Give you a matrix(only contains 0 or 1),every time you can select a row or a column and delete all the '1' in this row or this column .

    Your task is to give out the minimum times of deleting all the '1' in the matrix.
Input
    There are several test cases.

    The first line contains two integers n,m(1<=n,m<=100), n is the number of rows of the given matrix and m is the number of columns of the given matrix.
    The next n lines describe the matrix:each line contains m integer, which may be either ‘1’ or ‘0’.

    n=0 indicate the end of input.
Output
    For each of the test cases, in the order given in the input, print one line containing the minimum times of deleting all the '1' in the matrix.
Sample Input

    3 3
    0 0 0
    1 0 1
    0 1 0
    0

Sample Output

    2

題意：給你一個0,1矩陣，讓你每次可以將一行或者一列的把1變成0，求最少幾次可以讓所有的1都變成0。

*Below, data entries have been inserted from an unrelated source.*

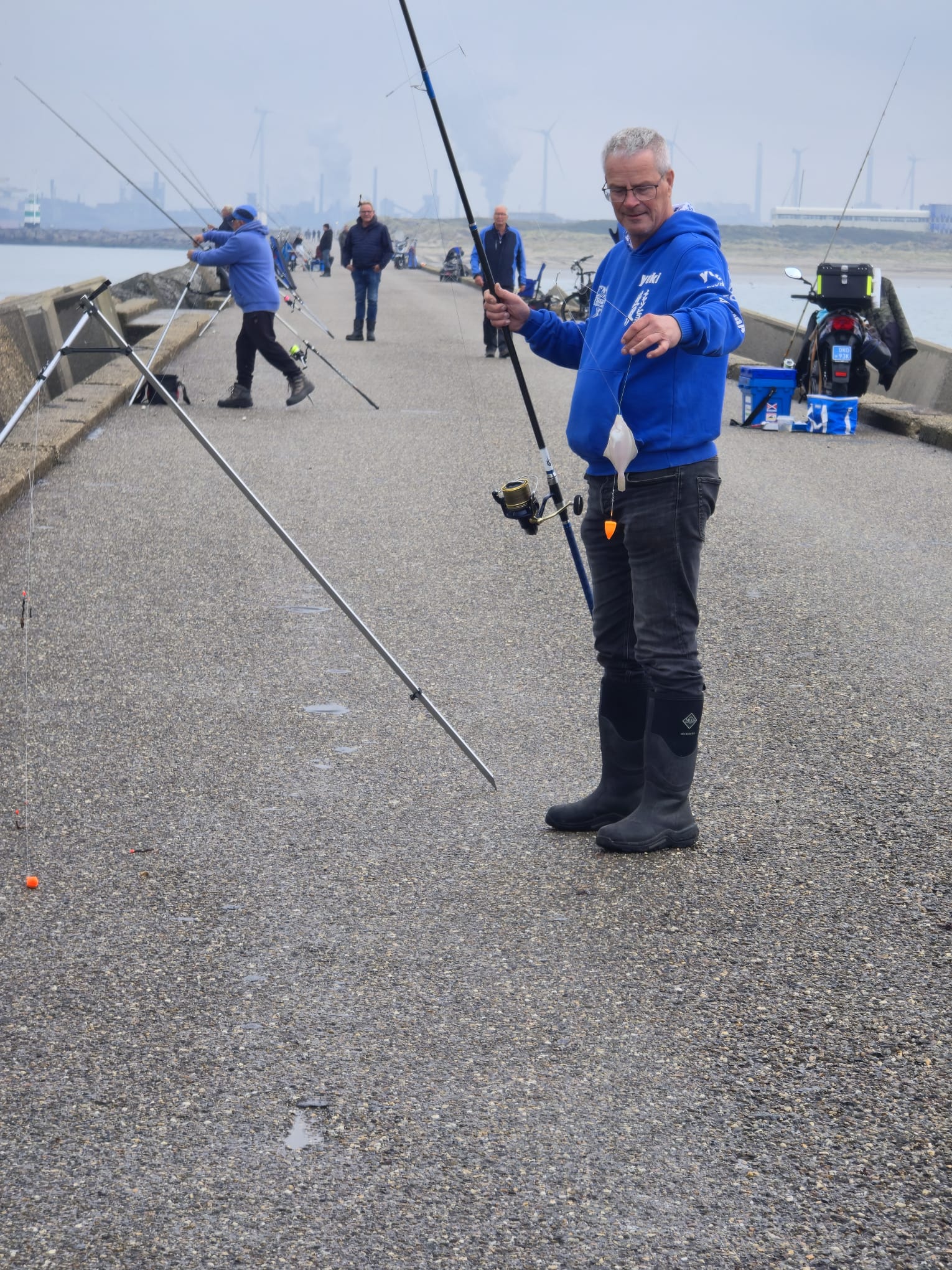 Maar eigenlijk was de vraag meer zou er nu ook echt al vis aanwezig zijn. Het getijde was niet optimaal vandaag een lang en langzaam afgaand tij zorgde voor weinig beweging in het water.
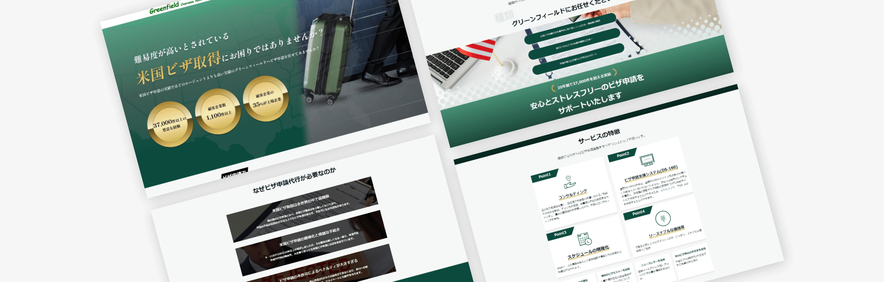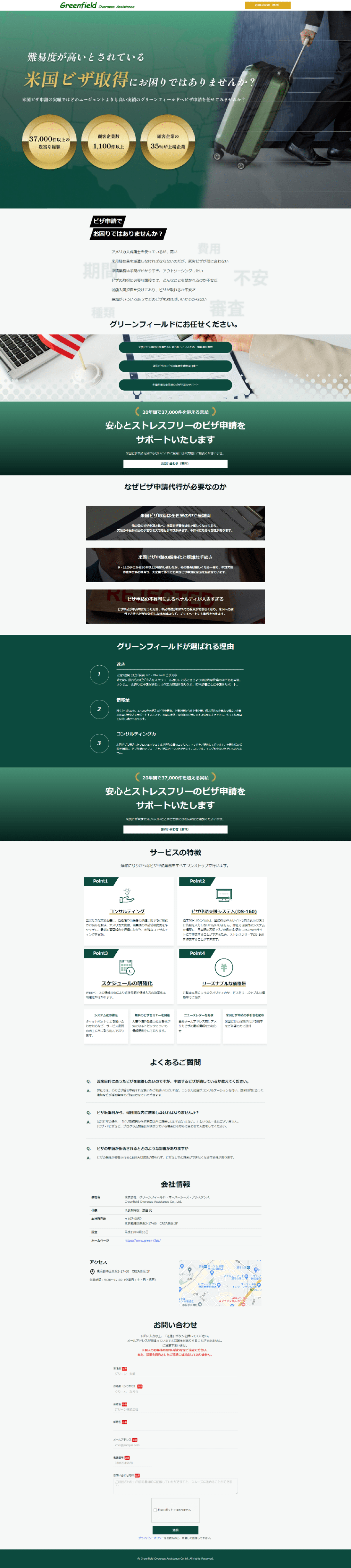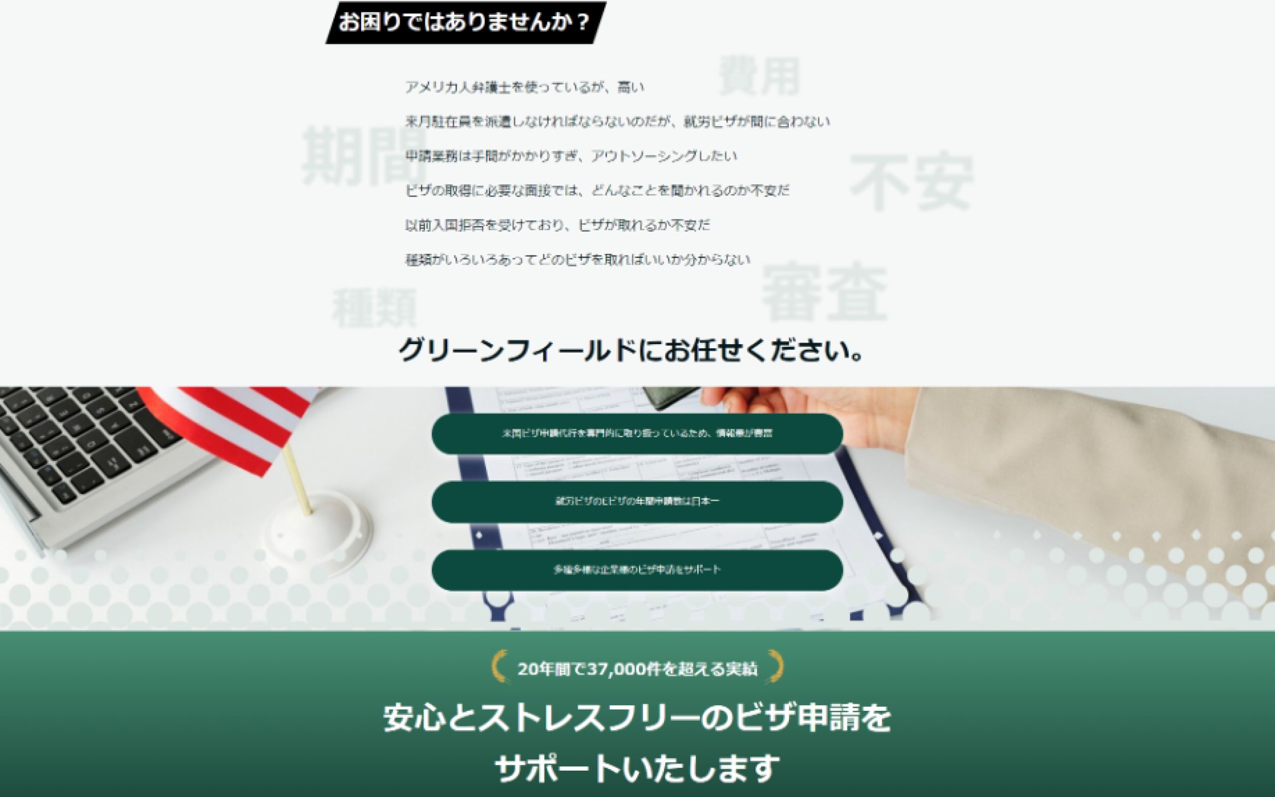 https://landing.green-f.biz/「株式会社グリーンフィールド・オーバーシーズ・アシスタンス」は、企業の米国ビザ申請代行のトータルサポートを行っている会社です。米国ビザの取得は厳格化が進んでおり、一度取得に失敗すると再申請の手続きに手間と時間がかかることから、企業としては、米国ビザの取得失敗はリスクとなります。クライアント様は複数の大企業をはじめとした、多くの企業の米国ビザ取得代行を請け負っています。この度、広告用のランディングページの制作にあたり、NERDにご依頼をいただきました。
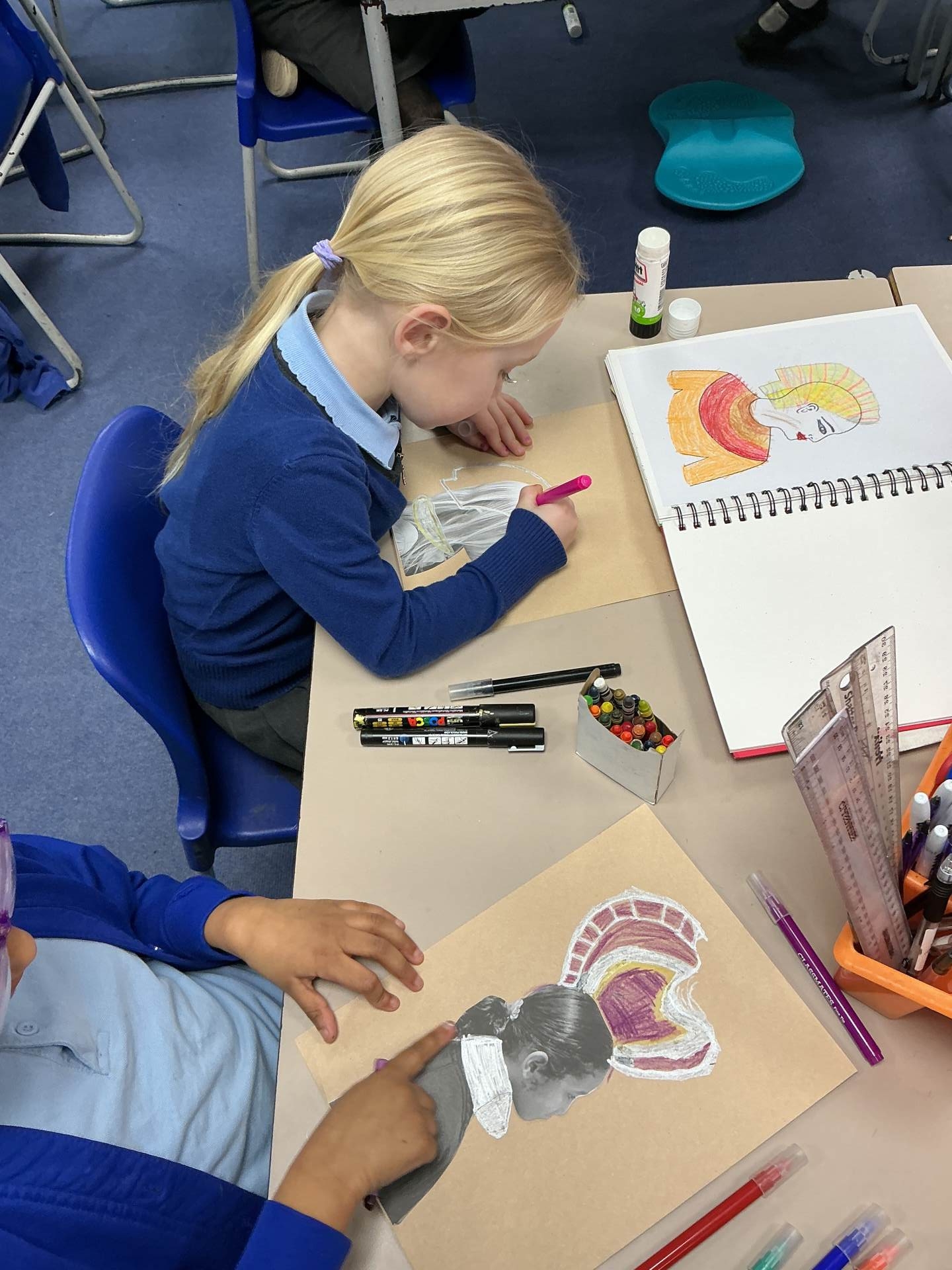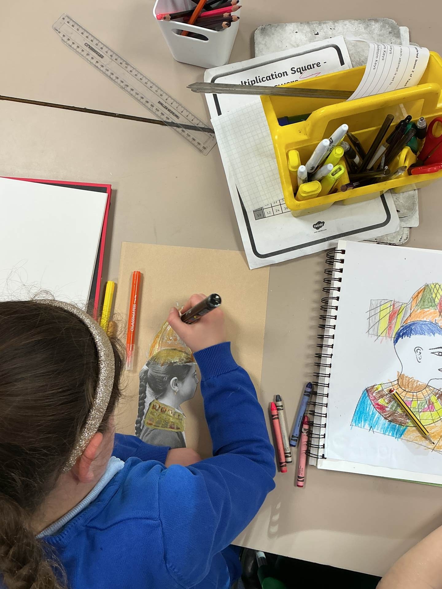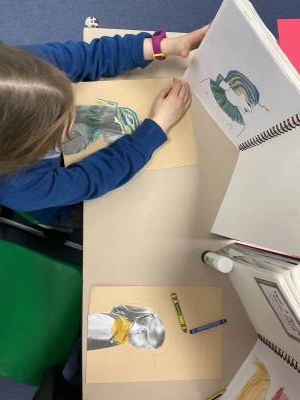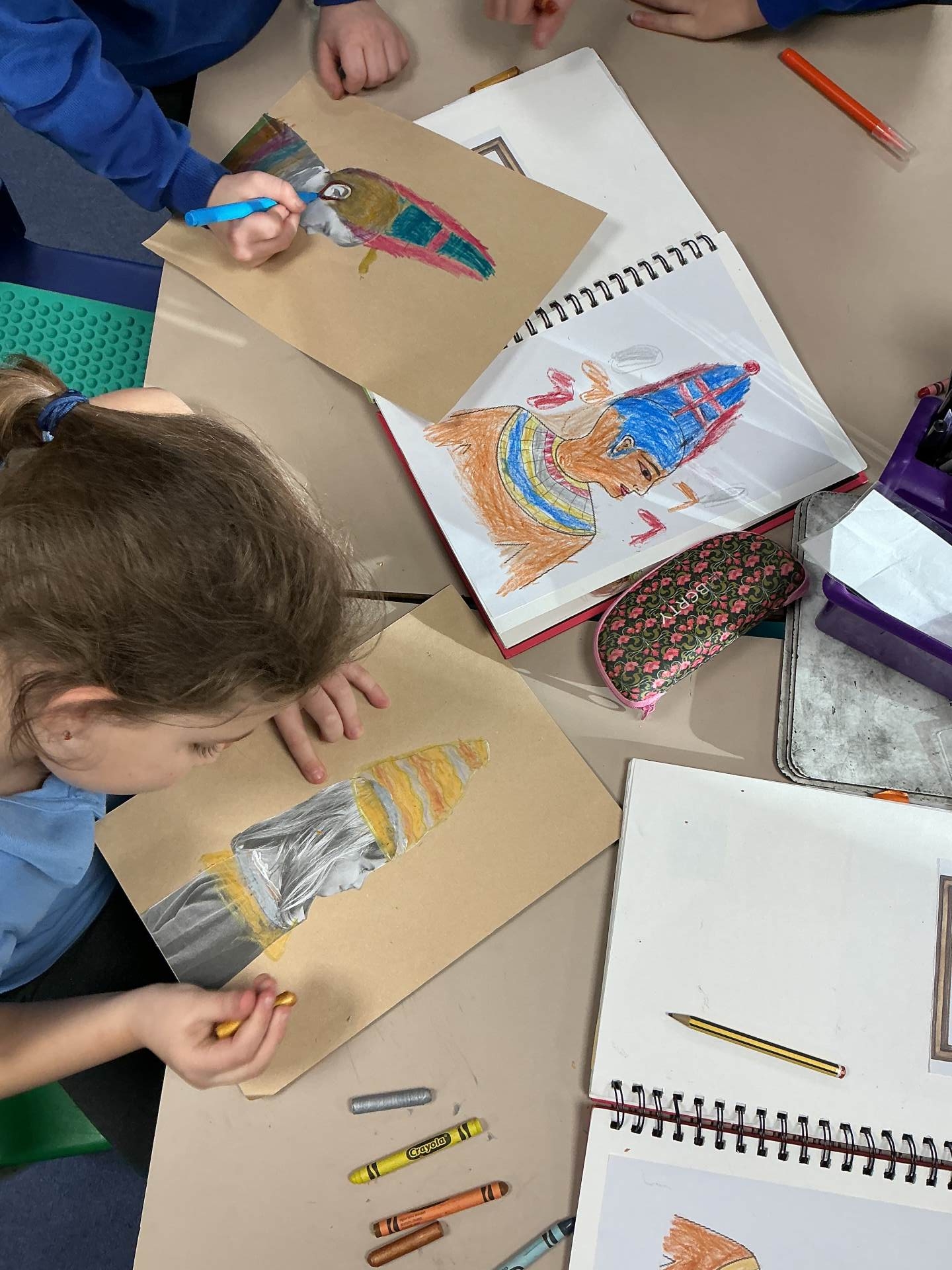 We looked at Ancient Egyptian portraits and created our own plan for an Egyptian side profile portrait.

分析：二分匹配題，將矩陣中是1的格子的x和y座標記錄下來，然後再求最大匹配數即可。

#include<stdio.h>
#include<string.h>
int m,n,e[110][110],match[110],book[110];
int dfs(int u)
{
	int i;
	for(i = 1; i <= m; i ++)
	{
		if(book[i] == 0 && e[u][i] == 1)
		{
			book[i] = 1;
			if(match[i] == 0 || dfs(match[i]))
			{
				match[i] = u;
				return 1;
			}
		}
	}
	return 0;
}
int main()
{
	int i,j,k,sum;
	while(scanf("%d",&n), n != 0)
	{
		scanf("%d",&m);
		sum = 0;
		memset(e,0,sizeof(e));
		memset(match,0,sizeof(match));
		for(i = 1; i <= n; i ++)
			for(j = 1; j <= m; j ++)
			{
				scanf("%d",&k);
				if(k == 1)
					e[i][j] = 1;
			}
		for(i = 1; i <= n; i ++)
		{
			memset(book,0,sizeof(book));
			if(dfs(i))
				sum ++;
		}
		printf("%d\n",sum);	
	}
	return 0;
}